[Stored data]

■ ■ ■ ■ ■

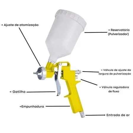 Seu design ergonômico facilita o manuseio e oferece maior controle durante o uso, contribuindo para melhor precisão na aplicação. O reservatório integrado permite armazenar a tinta com praticidade, tornando o processo de pintura mais rápido e organizado.
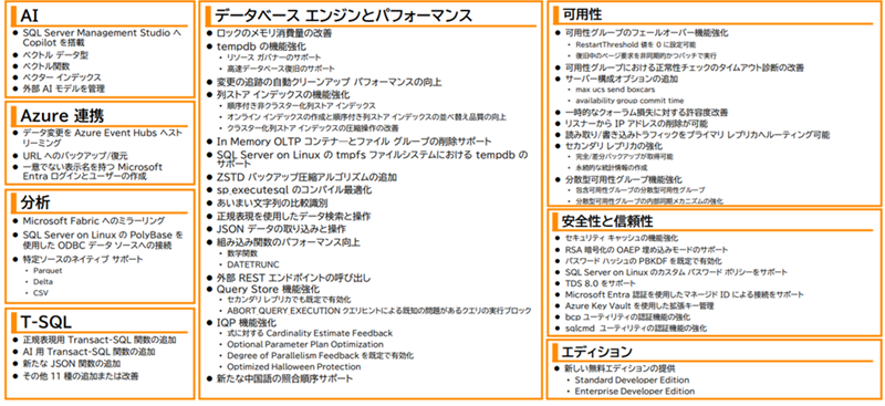 Microsoft SQL Server 2025 新機能/強化機能一覧
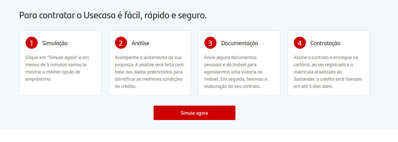 Oi, tudo bem? O empréstimo com garantia de imóvel do Santander, chamado Usecasa, é uma excelente opção para quem busca um crédito com taxas de juros mais baixas e prazos mais longos para pagamento.
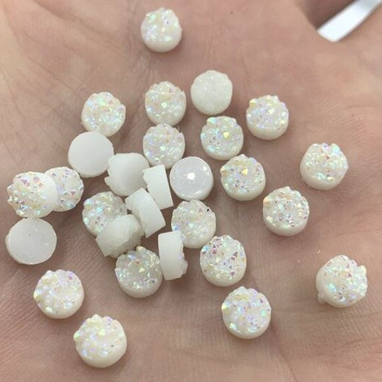 CA325 - 10 pcs Druzy Resin Embellishment Cabochons - White Multicolor - Diameter: 6mm - 4mm Thick
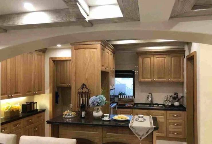 外立面采用文化石和手工打磨的stucco艺术涂料,烟囱、山花、铁艺栏杆、木质葡萄架,配合高低错落的彩瓦屋顶,空间层次优美。
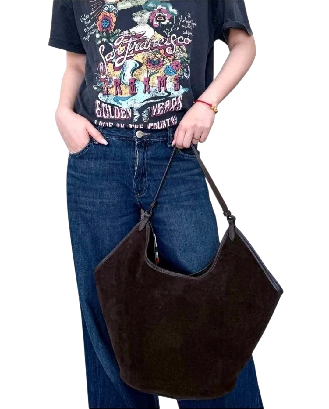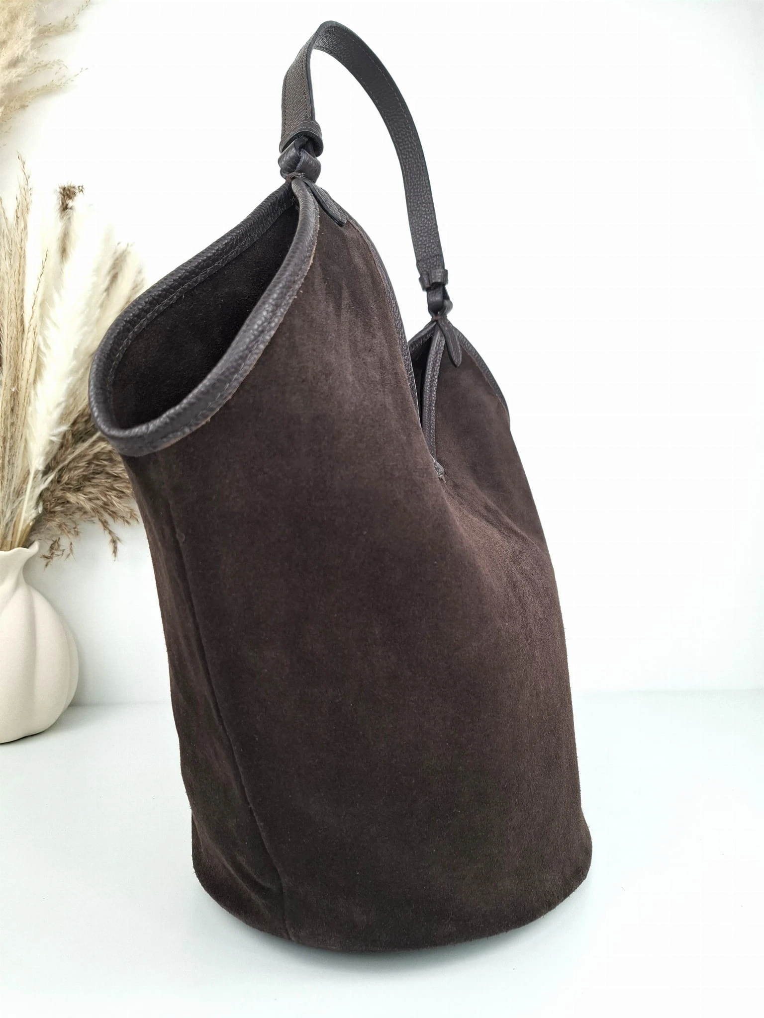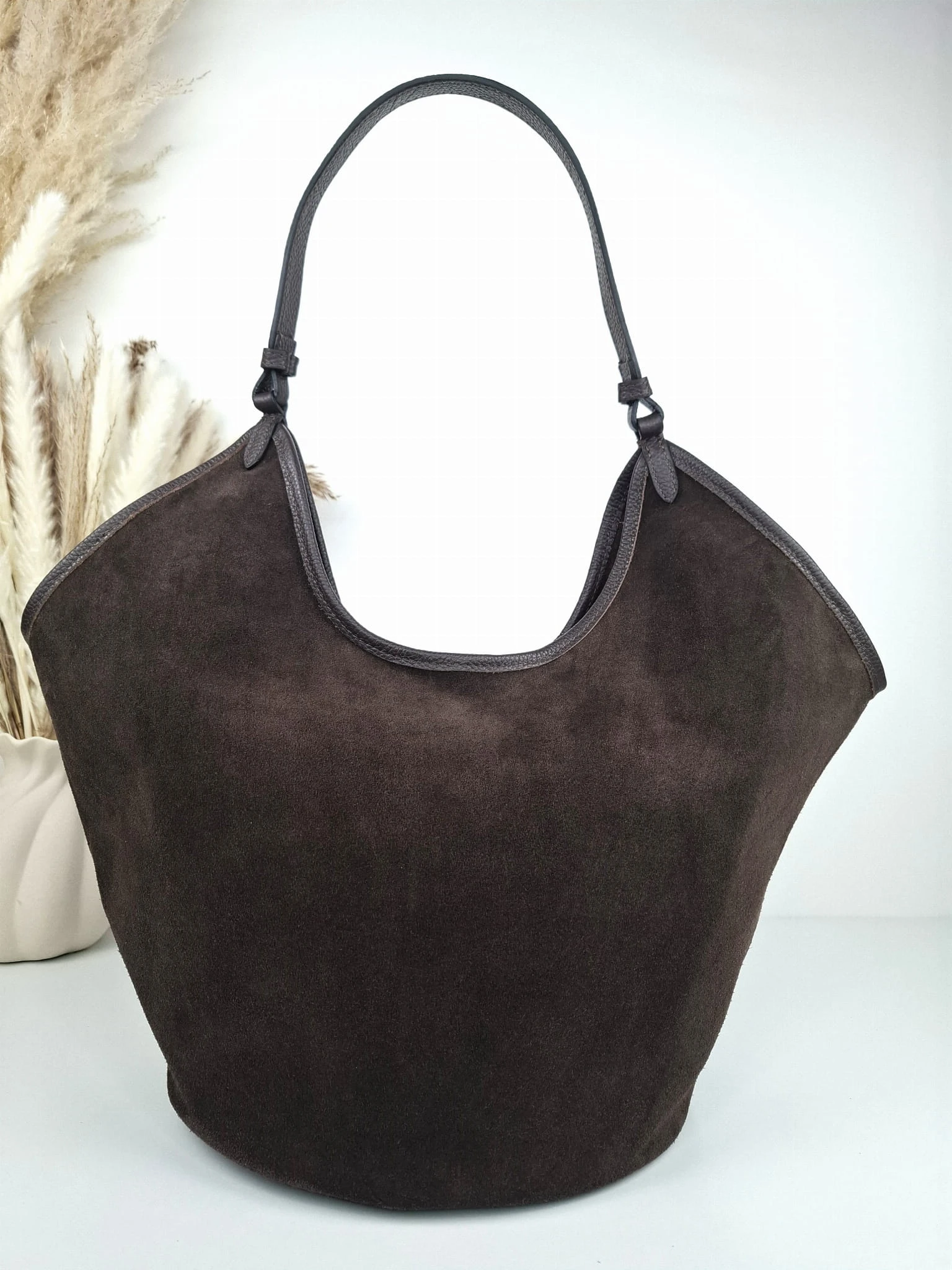 INEZ włoska zamszowa torebka shopper na ramię w kolorze ciemnego brązu - czekoladowa
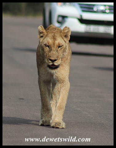 Lioness pacing the H4-1 between Skukuza and Lower Sabie
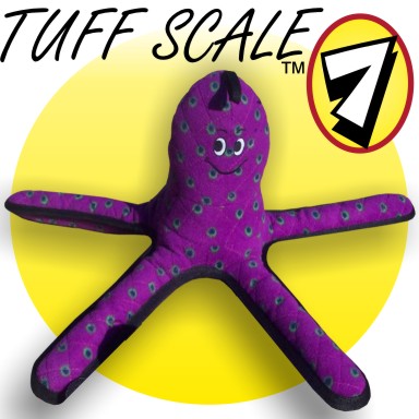Scoring a mighty 7 on Tuffy's DURASCALE, the large Ocean Octopus is a soft, yet strong plush dog toy. Part of the Tuffy Mighty Ocean Creatures collection, this super fun toy features multiple layers of material, including a soft, plush outside, and a layer of heavy fleece underneath - giving it extra strength. Tuffy Ocean Octopus' 7 out of 10 rating makes it a really tough dog toy, but still slightly vulnerable to the TUFFest players.

■ ■ ■ ■ ■

* [The task]: The entries above need to be repeated in full, word for word. Skip the images.

* [Completed exercise]:
 Seu design ergonômico facilita o manuseio e oferece maior controle durante o uso, contribuindo para melhor precisão na aplicação. O reservatório integrado permite armazenar a tinta com praticidade, tornando o processo de pintura mais rápido e organizado.
 Microsoft SQL Server 2025 新機能/強化機能一覧
 Oi, tudo bem? O empréstimo com garantia de imóvel do Santander, chamado Usecasa, é uma excelente opção para quem busca um crédito com taxas de juros mais baixas e prazos mais longos para pagamento.
 CA325 - 10 pcs Druzy Resin Embellishment Cabochons - White Multicolor - Diameter: 6mm - 4mm Thick
 外立面采用文化石和手工打磨的stucco艺术涂料,烟囱、山花、铁艺栏杆、木质葡萄架,配合高低错落的彩瓦屋顶,空间层次优美。
 INEZ włoska zamszowa torebka shopper na ramię w kolorze ciemnego brązu - czekoladowa
 Lioness pacing the H4-1 between Skukuza and Lower Sabie
Scoring a mighty 7 on Tuffy's DURASCALE, the large Ocean Octopus is a soft, yet strong plush dog toy. Part of the Tuffy Mighty Ocean Creatures collection, this super fun toy features multiple layers of material, including a soft, plush outside, and a layer of heavy fleece underneath - giving it extra strength. Tuffy Ocean Octopus' 7 out of 10 rating makes it a really tough dog toy, but still slightly vulnerable to the TUFFest players.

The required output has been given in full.